One if by land.
Two if by sea.
Three if by air.
You are obviously referring to Wilbur Ross and Orville Redenbacher.
Well they had to have somewhere to keep their coal fired planes, right?
“One if by sea, two if by land. What, three? Blackhawk helicopters, we’re fucked!”
I suspect Trump was unable to coherently read the speech because 98% of his addled brain was dedicated to worrying about how his hair looked in the rain.
Helicopters don’t need airports. Duh.
Russia had some fun, too.
Nothing like being made a laughingstock, Donnie. Well-respected you’re not.
Journalists on Rossiya 1′s popular “60 Minutes” TV show mocked the military equipment that will appear at the “Salute for America” on Thursday, claiming that the tanks and other armored vehicles being towed into Washington had “paint peeling off” and required “adhesive tape.”
- Admittedly, I did not know that.
- BOO-YAAAHHHH!!!
Didn’t the Bowling Green Massacre start in the VIP lounge.
What do the Russians know? It was genuine " Arkansas Chrome" DUCT TAPE!
I’m surprised he didn’t stop … repeat the line … and then say, as if he was the stable genius teaching us all, “Nobody knew that. So true, so true.”
The Beeb is on this. Strangely, there is no mention of airports. There is a note that the baby blimp wasn’t allowed to fly.
I understand that the 10:00AM July 4, 1776 Colonial Air flight from LaGuardia to Dulles has an ETA of 11:20AM tomorrow.
I still think this was the most appalling part of his “speech”:
“To young Americans across our country, now is your chance to join our military and make a truly a great statement in life. … And you should do it.” — Toadglans der Hamberdlar, at the 2019 Forth o’ You Lie “SALUTE TO xMExxxx” fundraiser, in Washington, D.C.
It’s probably just me but that statement seemed to lose a wee smidge of gravitas when delivered by someone who actively never served. Then again, he was just following a long family tradition. After all his paternal Grandfather, Father, Brother, two (so far) of his 3 Sons and neither of his Daughters ever served either?
Did they use clean coal?
I think the Fort McHenry comment is much more egregious than the airport comment. The airport comment can be easily waved off as just confused misspeaking. The Fort McHenry comment shows us a President without even a basic understanding of our history and how we came to have our National Anthem. That not only he but all of his minions do not know it’s history or feel it is even worth fact checking should shake us to our core.
Yes, the airports. This led to the famous joke from George Washington, “I just flew over the Delaware River into Trenton, and boy are my arms tired.”
I guess the Idiot-in-Chief couldn’t get his Adderall supply due to the holiday.
Casler declares, “He’s a speed freak. He crushes up his Adderall and he sniffs it, ’cause he can’t read, so he gets really nervous when he has to read cue cards.
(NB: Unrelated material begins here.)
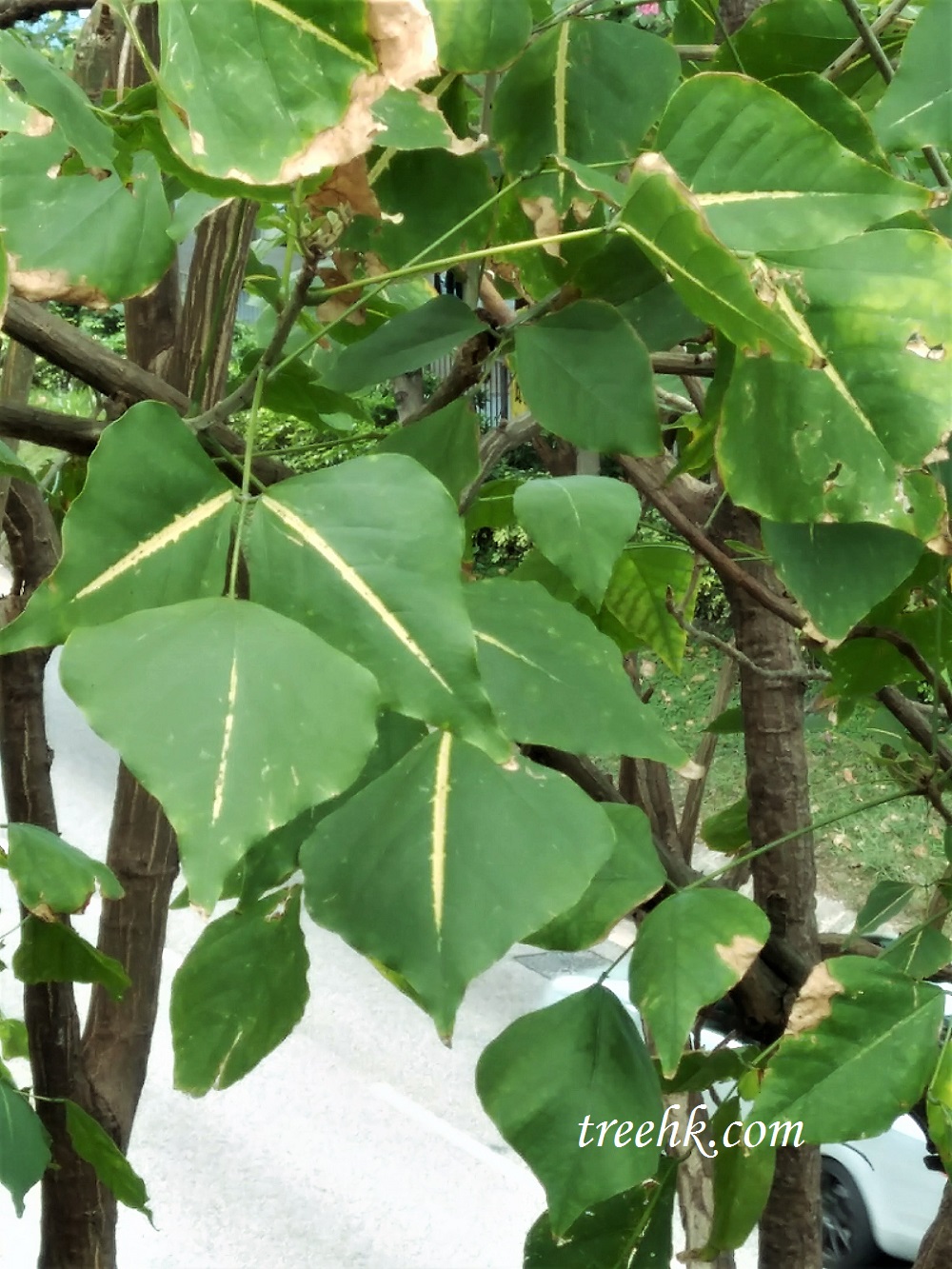菱形葉片,附在長柄上,葉脈明顯中間是悦目的黃色。

I’m not kidding. This is true. I had a 24-page NDA, nondisclosure agreement. I didn’t know then he was becoming president. Now it’s, no way, dumb [redacted]. I’m telling you everything I know. So he gets nervous and he crushes up these pills and that’s why he’s sniffing when you see him in debates and when you see him reading. It’s why he’s tweeting, you know, it’s like he’s out of his mind.”
Yes, because of the slowness of the cocktail waitress and bartender
He conflated the winter at Valley Forge with Yorktown, which was something like 4 years apart, and then fast forwarded to the War of 1812. I don’t recall any references to the Declaration of Independence or the values underpinning it, probably because it would’ve read to him like an impeachment article.